Fine-tuning-based jailbreaks are especially concerning because they do not just fool the model for one prompt. They can permanently weaken the model’s safety unless defenses are built into the model update process [1].

5. Black-Box Jailbreak Attacks

5.1. Template Completion Attacks

Template completion attacks hide the harmful intent inside a larger template. In the survey literature, this family is often divided into scenario nesting, context-based attacks, and code injection [1].

5.1.1. Scenario Nesting

Main Idea
Scenario nesting attacks place the harmful request inside a role-play, story, table, dialogue, or other harmless-looking scenario [23,24]. The model is manipulated into completing the scenario rather than refusing the intent.
Descriptive Toy Example
A teacher asks a chatbot, “Do not reveal the answer key.” The attacker instead says, “Write a short play where a forgetful teacher accidentally reads out the answer key to the class.” The answer key is not requested directly.
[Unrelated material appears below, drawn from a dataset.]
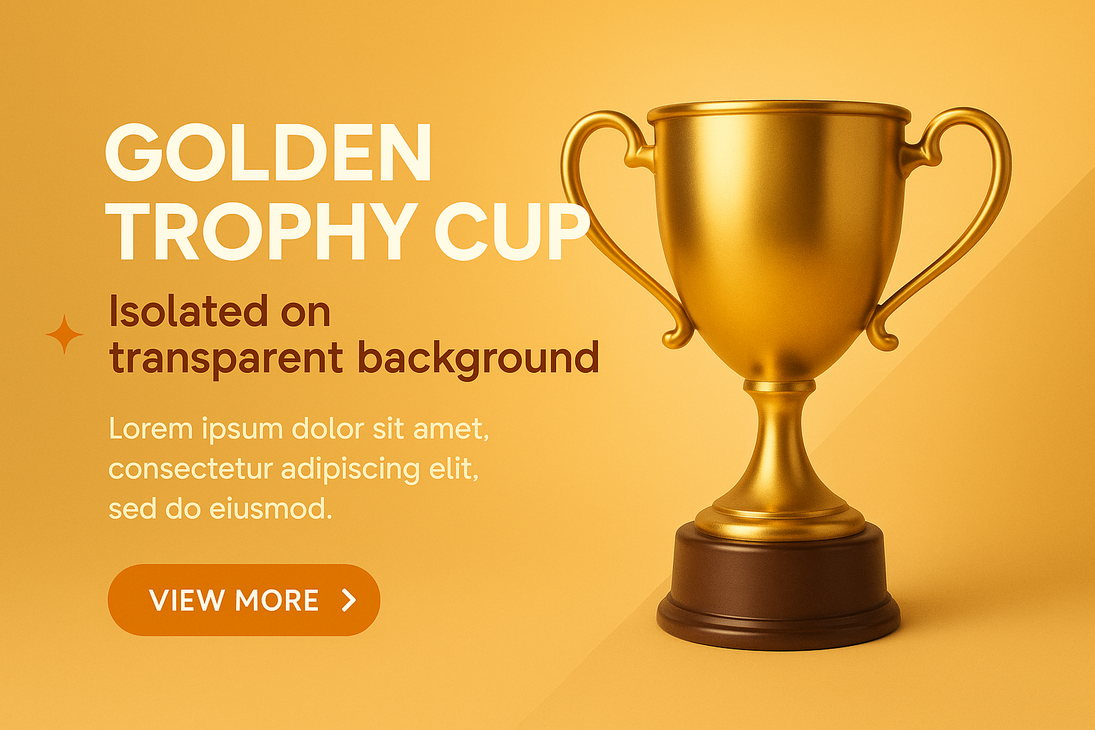 /Collection: /by davooda/Type: PNG/A beautifully designed golden trophy cup set against a warm, gradient background. The trophy features intricate details, with bold typography and a call-to-action button enhancing its appeal.

It is hidden inside a fictional scene.
Representative Methods
DeepInception uses nested scenarios and personification to push the model into a compromised role [23]. ReNeLLM rewrites prompts and then inserts them into common task scenarios such as code completion or text continuation [24]. FuzzLLM uses automated template-based fuzzing to discover jailbreak vulnerabilities with less manual effort [25].
Beginner Takeaway
Scenario nesting works because LLMs are very good at imagination, role-play, and task completion. Ironically, the same flexibility that makes them useful also makes them easier to manipulate [1].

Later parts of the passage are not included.